Он закрыл глаза и повторил:
— Я — ничто.
Это было его любимое выражение. И, как всегда, когда он произносил его, меня охватило чувство неловкости и какой-то вины, будто я был причиной тому, что такое почти богоподобное существо, как мой отец, — ничто.
— Рудольф... незадолго до... точнее... за несколько недель... до твоего появления... на свет божий... я вынужден был... по делам... поехать... — С отвращением он отчеканил: — ...во Францию, в Париж...
Он замолчал, снова закрыл глаза, и кровь отхлынула от его лица.
— Париж, Рудольф, — столица всех пороков!

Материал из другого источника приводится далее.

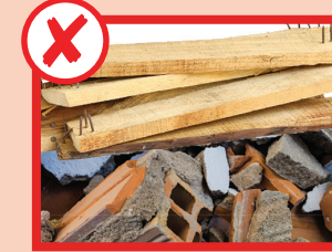
نه چوب و مواد ساختمانی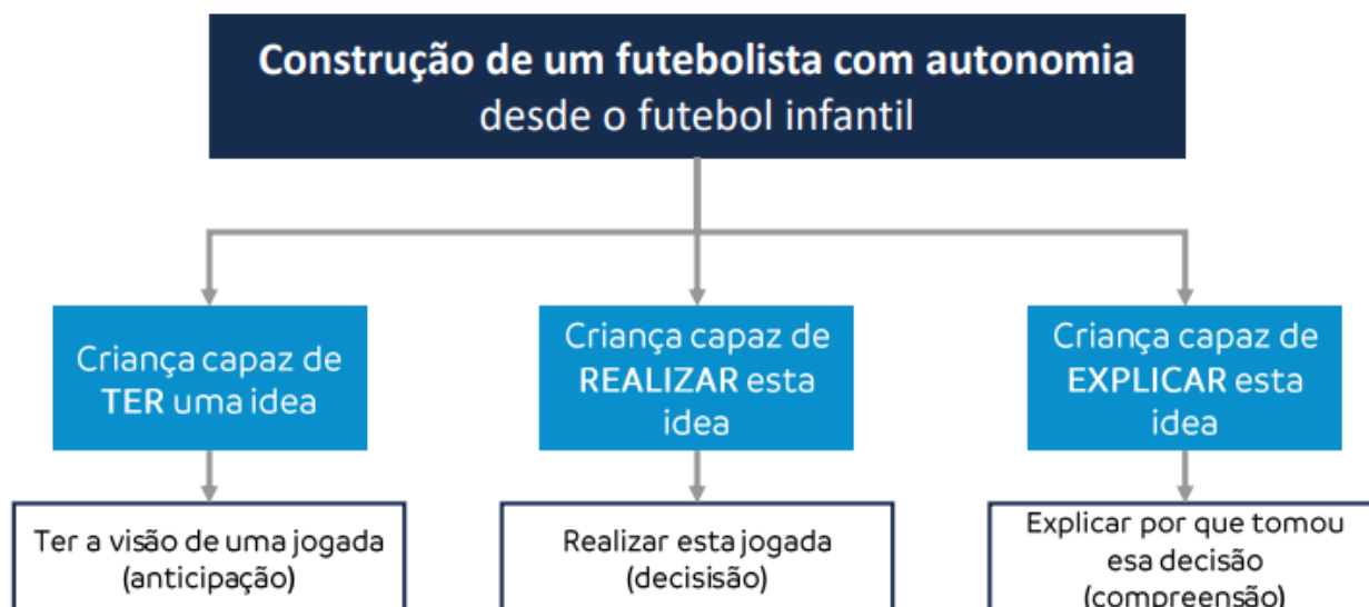
Figura 8: Construção de um jogador de futebol autônomo a partir do futebol infantil

Он вдруг выпрямился на стуле и посмотрел на меня глазами, в которых горела ненависть.
— Ты понимаешь?
Я ничего не понял, но взгляд его вселял в меня такой ужас, что я еле слышно пробормотал:
— Да, отец.
Он снова заговорил приглушенным голосом:
— Бог... в своем гневе... покарал мое тело... и душу.
Его взгляд был устремлен куда-то в пространство.
— Я заразился дурной болезнью, — продолжал он с невероятным отвращением, — я лечился и вылечился... но душа моя не исцелилась. И не должна была исцелиться! — закричал он вдруг.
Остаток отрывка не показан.